Esta semana pasada nos trasladamos a Pedernales, Manabí, un grupo de 14 laicos y 4 sacerdotes de diversas comunidades de Quito, para acercarles comida y agua a la parroquia de allá con destino a las familias damnificadas por el terremoto del 16-IV-2016.

            Desde la misma entrada a la ciudad se tiene la impresión de estar como en una zona de guerra, por la impresionante imagen de destrucción que se ve por todas partes; llegando más al centro de la misma, cerca de la plaza y la parroquia es todavía mayor.

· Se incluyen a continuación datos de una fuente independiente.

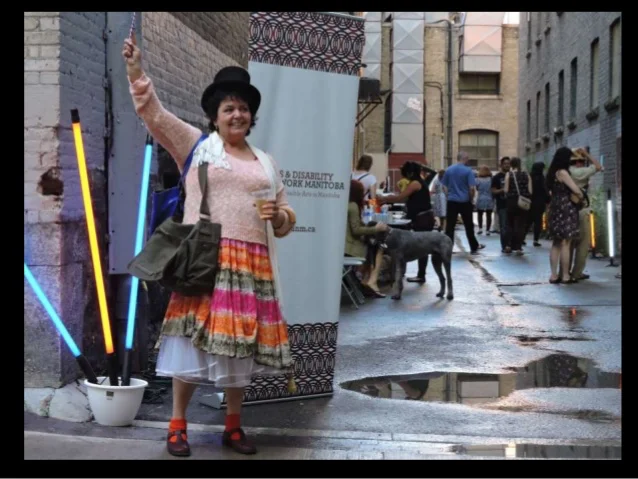 Lack of inclusiveness in 'art world' institutions leads to a cultural loss for all. A long time value of mine is for diversity. Of specific interest is the cultural wisdom of those who function outside the 'norm', most especially those defined or defining themselves as disabled. My visual and community art practices gives voice to the experience and value of those artists and audience who exist outside of the mainstream art lexicon.

            Son muchas las imágenes que se han transmitido de esta realidad, pero no hay forma de captar a través de ellas:

  • El ruido ensordecedor durante todo el día de las máquinas sacando los escombros de los edificios destruidos, de los camiones llevándoselos y regresando, de los generadores de electricidad.
  • El polvo suspendido en el aire y que lo tragamos por todas partes, que reseca las gargantas.
  • El mal olor por la descomposición de cadáveres que te sorprende por tantos lugares.
  • El horror, el terror, la absoluta impotencia, la incredulidad, la sensación de estar pasando una pesadilla de la que no se consigue despertar.

En los poquitos días que estuvimos allá, nos acercamos por grupos a los distintos barrios o sectores de la ciudad sin otra pretensión que llevarles la solidaridad y la compasión de todo el país y en concreto de nuestras comunidades, apoyándoles y dándoles una mano en las tareas de limpieza o de sacar los escombros de la casa, limpiar una capilla con algunos destrozos, acercarnos a las casas a saludar, charlar y escuchar sus historias y relatos de lo vivido en estos días, compartir el agua y en algunos casos la mesa con la familia, jugar y cantar con los niños y niñas de un albergue de familias, celebrar la eucaristía recordando y agradeciendo la vida de los familiares difuntos.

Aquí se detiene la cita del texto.